CRITICAL states changing content and saving history

Hi,
I have written a custom check in bash to check certain status from data provided in json in service endpoint.
Basically what it does it checks for some statuses and returns for example:
“CRITICAL - Main status is DOWN and there are 1 modules reporting DOWN”
or
“CRITICAL - Main status is DOWN and there are 4 modules reporting DOWN”
and some perf data
In Webpanel I see that states are only visible when they change from one to another + some notifications.
Is it possible for Icinga to remember when the content of CRITICAL status content changes ?

By content, do you mean the output? Or just a history of changes?

It sounds like you’re using the API. That can pull things like last state change, last state, output, etc. It’s only the immediate preceding check, though.

I would recommend logging into your IDO database and running the following:

SELECT * FROM icinga_notifications;

And just browse this a bit. This will likely only be showing you things that went into HARD state, though.

Can I know a little more detail about your check? I’ve written some similar things.

By content I mean the output.

About API - I don’t think that this will help. I have logged into IDO and run following:

select state_time, state,output from icinga_statehistory where object_id = 3942;

and it showed only UNKNOWN and then single one to CRITICAL.

Thing is that CRITICAL output can change and I would like to make those data available for customer if needed.

About the check. It’s simple bash scripts with 4 functions (88 lines) that uses ‘jq’ and ‘curl’. I use NRPE v3 to gather data for Service from Host.
Please let me know if you would like to know more.

Well, we could take a couple approaches here.

Since notification history holds output, does this check go into hard state right away? You could setup a dummy notification for the sake of recording in that table.

Are there any details other than the number of modules being down? From what I’ve seen so far (which given 4 functions probably isn’t even the half of it), I’d try to get more out of my graphing solution for this.
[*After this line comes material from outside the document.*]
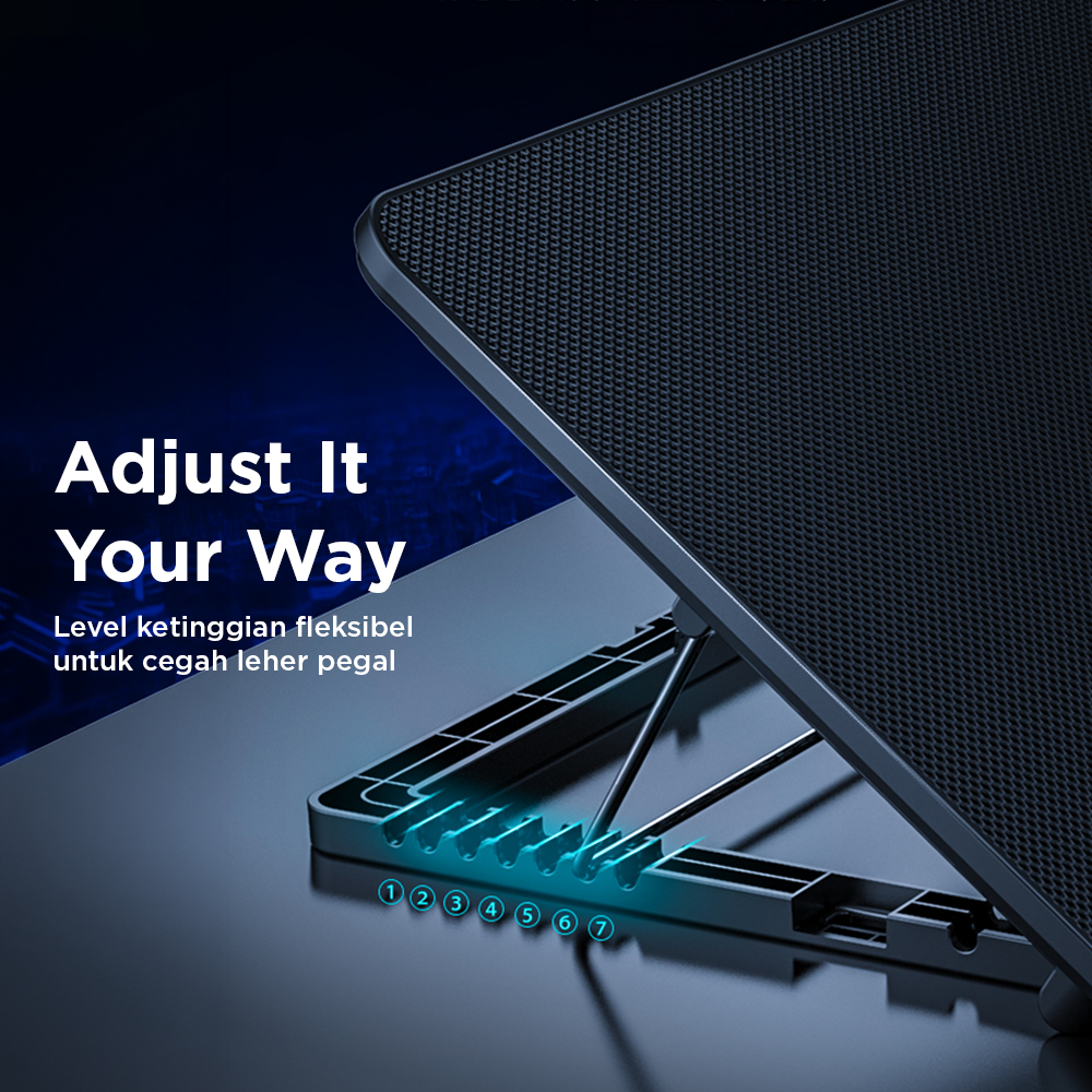 Performa laptop menurun karena overheat? Cooling pad laptop dari ZJMZYM hadir dengan 8 kipas berkecepatan tinggi dan senyap jaga suhu laptop tetap stabil bahkan dengan beban kerja berat. 7 Level ketinggian dapat diatur sesuai kebutuhan agar nyaman digunakan. Lengkap dengan lampu LED yang membuat set up gaming makin keren. Kini Anda bisa memainkan berbagai game dengan tenang tanpa khawatir rusak karena overheat.

The ‘dummy notification’ sounds reasonable. There are 3 checks (each 10 minutes apart) for SOFT and then it goes into HARD state.

Yes you are right - there are more details then number of modules. Specifically details of module which I would say resemble json at closest.
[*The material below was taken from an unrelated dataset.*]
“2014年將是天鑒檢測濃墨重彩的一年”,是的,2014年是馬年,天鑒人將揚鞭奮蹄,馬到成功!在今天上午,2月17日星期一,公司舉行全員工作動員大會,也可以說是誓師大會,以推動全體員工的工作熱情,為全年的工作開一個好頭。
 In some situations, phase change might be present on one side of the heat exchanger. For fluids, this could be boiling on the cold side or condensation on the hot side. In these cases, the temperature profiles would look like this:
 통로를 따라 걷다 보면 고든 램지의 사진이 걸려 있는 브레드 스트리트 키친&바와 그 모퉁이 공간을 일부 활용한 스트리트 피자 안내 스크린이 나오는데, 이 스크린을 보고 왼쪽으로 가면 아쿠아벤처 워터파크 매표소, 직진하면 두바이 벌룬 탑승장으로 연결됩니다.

I have graphing solution (graphite module) which gives me the number of modules_down, _up and _reporting.

Okay, so sounds like you’re collecting more metrics than module1, module2, etc. I mean you can totally blow it up but sounds potentially super messy.

For the long run, though, if you’re writing a lot of custom stuff, I added a database called icingatrash and I dump all kinds of stuff in there so I can store and report on it however I want.
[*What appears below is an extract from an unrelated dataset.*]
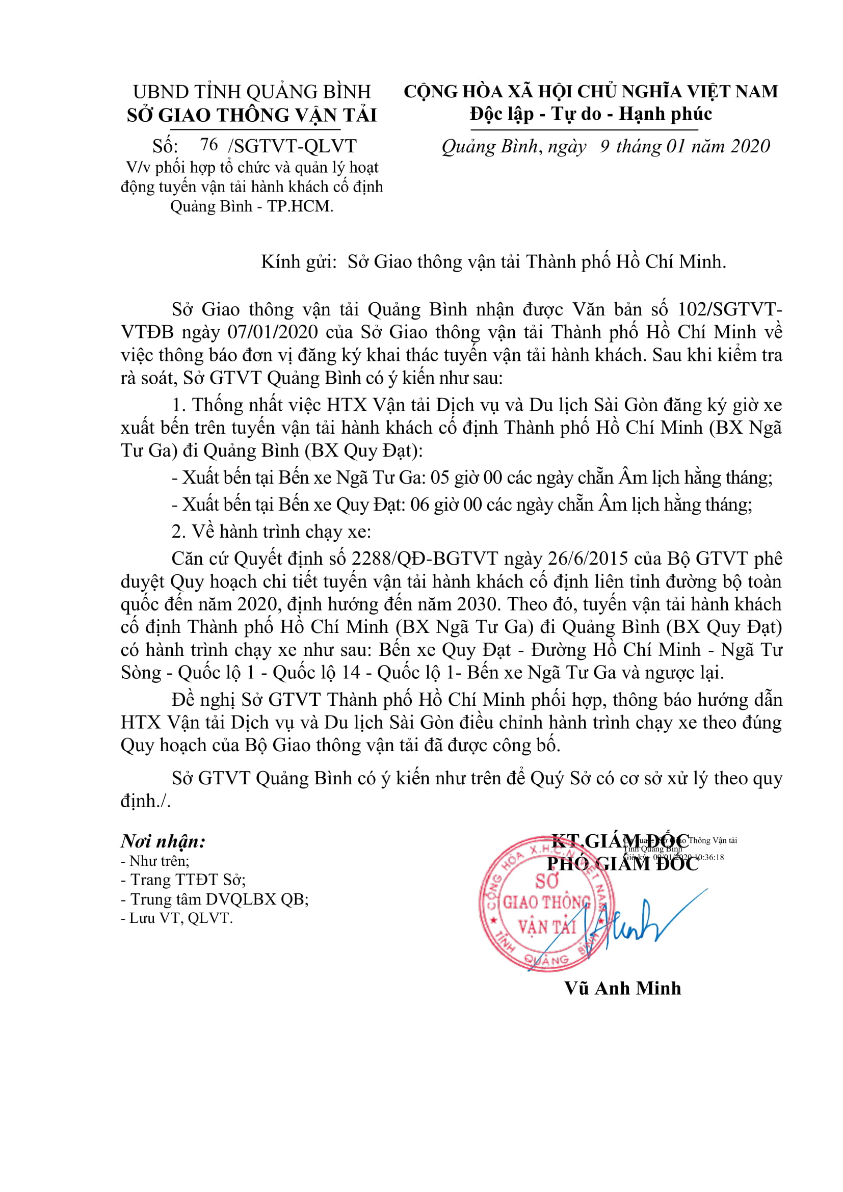 - Thông báo Điều chỉnh phương án khai thác tuyến vận tải hành khách cố định của HTX vận tải Phú Thành Tuyên Minh (Tuyến Quảng Bình - Hà Nội và ngược lại) (27/12/2019)

Forgot to mention that details for the module are only stored for modules in DOWN state.

Can you please elaborate on ‘icingatrash’ approach ?

That is not a standard naming convention or anything. Writing custom monitoring is one of my primary job functions so I just wanted a place to store things. I generally query Icinga’s API or IDO for retrieving info from Icinga itself though. More of programmer advice than Icinga.

I’d still probably try to leverage graphite here though. Also, have you looked into the Business Process module? I was going to start tinkering with that soon, but it tracks groups of checks that are alerting in a dashboard and pages accordingly. Doesn’t replace some of the custom checks I’ve written that behave similarly (and might not this), but it’ll probably add a lot of benefit.

actually are you comfortable posting a slightly scrubbed verion of one of the more verbose output messages?

I think so:

CRITICAL - Main status is DOWN and there are 1 modules reporting DOWN

xxx1 is DOWN because { “cei”: { “status”: “UP”, “connection”: { “status”: { “status”: “UP” }, “uri”: “domain1.com”, “socketTest”: { “status”: “UP” } } }, “sub_xxx1”: { “status”: “DOWN”, “connection”: { “status”: { “status”: “DOWN” }, “uri”: “domain2.com”, “socketTest”: { “status”: “UP” }, “sslSocketTest”: { “status”: “DOWN”, “error”: “java.security.cert.CertificateException: No name matching domain2” } } } } -

That’s pretty cool, actually.

So, as I’m following now, you want to be able to retrieve that status at any given time?

Honestly, I might not lean on icinga at all for storing that part of the info, definitely for tracking it but digging through IDO for it sounds cumbersome, especially if we’re getting it to page you by telling it to not go into soft states.

Have you considered adding a folder in to /var/log/icinga2 for that, and just having bash save the output to a timestamped .json file?

So, potentially wrong rabbit hole and I think I’ve given some crap advice this week.

I must have had brain fog on how icinga_statehistory actually works. Were you saying the “output” column was only saying UNKNOWN or CRITICAL and nothing else, but the actual output you see in icniga is the json object? did you check long_output?

1 Like